On: Zelensky proposes face-to-face talks in open letter to Putin
One reads, with a certain weary predictability, of Mr. Zelensky’s latest epistolary endeavour, a rather earnest missive dispatched, one gathers, in the general direction of Mr. Putin. “Direct engagement,” he suggests, as if the mere proximity of two individuals, however elevated their station, might magically dissolve the rather inconvenient realities of cannon-fire and territorial ambition. It is, one must concede, a charmingly naïve notion, rather like believing that a particularly well-composed tea party might resolve a long-standing feud between a badger and a particularly obstinate gamekeeper.

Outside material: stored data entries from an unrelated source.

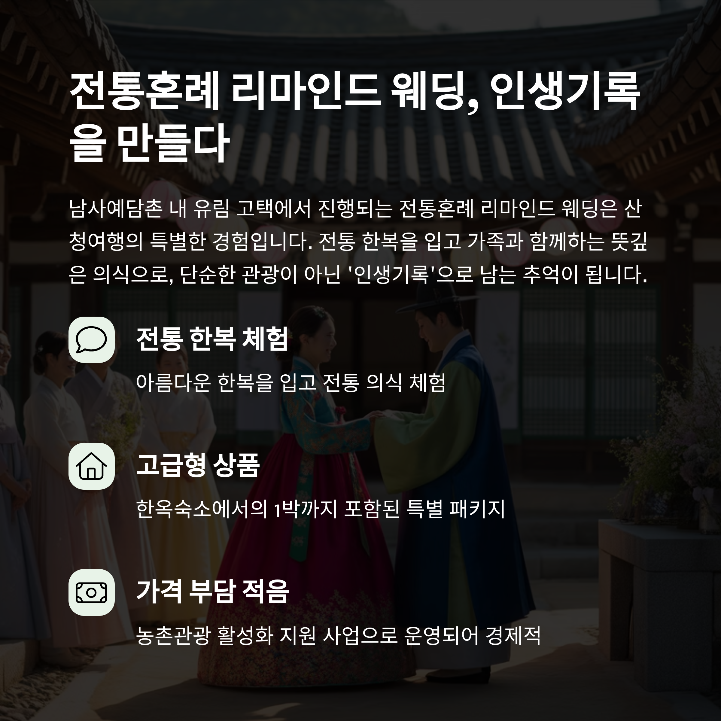 남사예담촌 내 유림 고택에서 진행되는 전통혼례식은 전통 한복 체험은 물론, 가족 단위로 함께 즐기는 뜻깊은 행사랍니다.
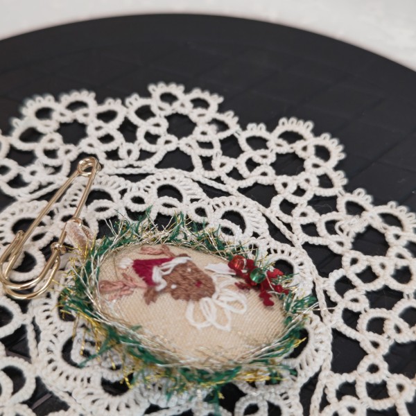 スミルナステッチ、数種の糸で4重に刺し、クリスマスのフサフサ、キラキラを表現しました。
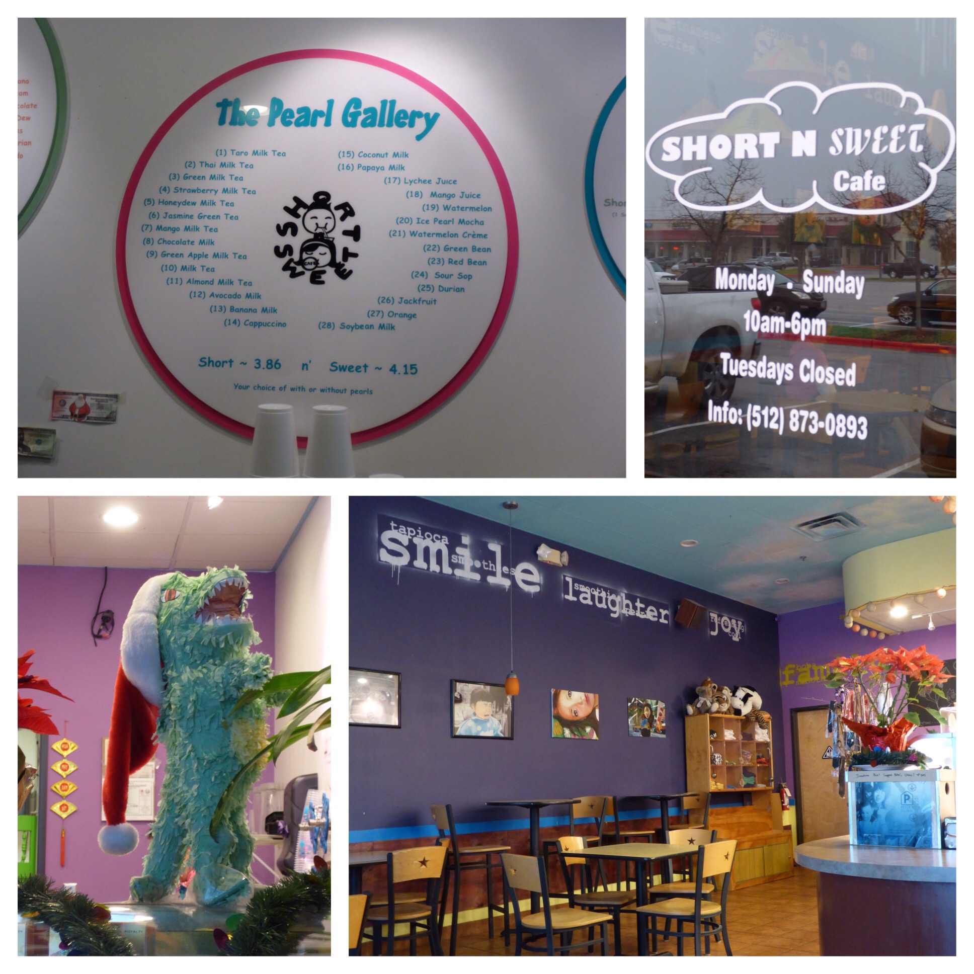 What to do on a rainy day in Austin? How about some Bubble Tea? Short N Sweet Cafe is a good place to chill and get your Bubble Tea on. They have three sizes of drinks, Short, Sweet, and Big Boy. I typically order the almond milk tea with pearls, but as you can see they have plenty of choices. Yay, Bubble Tea!
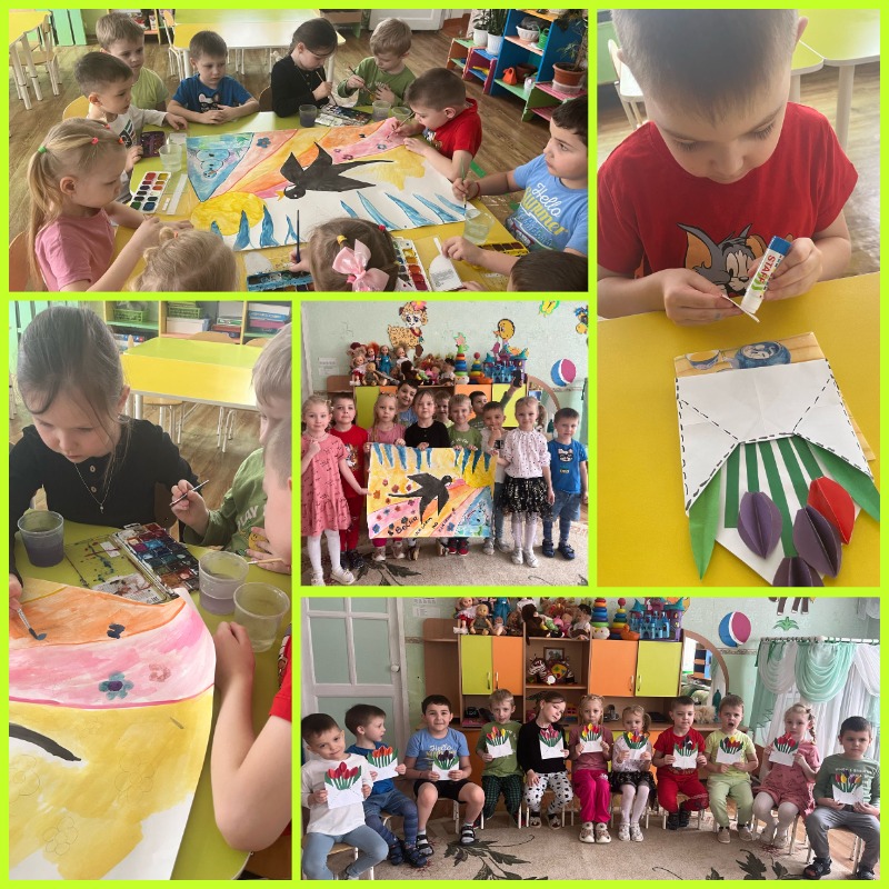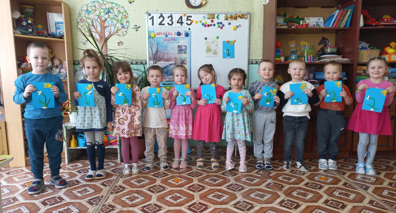 Ребята старшей группы «Звёздочки» (воспитатели: Тихонова К.Б., Юрченко К.М.) закрепляли представления о весне, сезонных изменениях в природе, одежде людей: солнце светит ярко, солнышко просыпается рано — дни становятся длиннее. Во время тематических бесед продолжаем расширять знания о особенностях поведения животных и птиц весной. Читаем произведения о весне, слушаем музыкальные произведения, рассматриваем иллюстрации и картины. Через художественное творчество вспомнили название первых весенних цветов. Ребята занимались коллективным рисованием и делали весеннюю аппликацию.

One imagines the scene: two gentlemen, seated perhaps at a rather long, highly polished table, each with an aide-de-camp hovering discreetly in the background, prepared to offer a fresh quill or a particularly soothing lozenge. Mr. Zelensky, no doubt, would present his case with the impassioned rhetoric of a man whose drawing-room has been rather thoroughly redecorated by unwelcome guests. Mr. Putin, on the other hand, would likely maintain the placid, unblinking gaze of a particularly well-fed cat contemplating a canary, occasionally interjecting with a remark so utterly devoid of warmth or concession that it would chill the very marrow. The outcome, one suspects, would be precisely as fruitful as attempting to teach a particularly recalcitrant stoat the finer points of parliamentary procedure. One does hope, for the sake of international decorum, that neither party brings a particularly sharp carving knife to the proceedings. The Americans, one notes, are quite distracted by Persia, which is, of course, entirely in keeping with the grand tradition of attending to matters of distant, exotic intrigue while the more immediate, if less picturesque, conflagrations rage closer to home. One can almost hear the faint, mocking laughter of the Fates.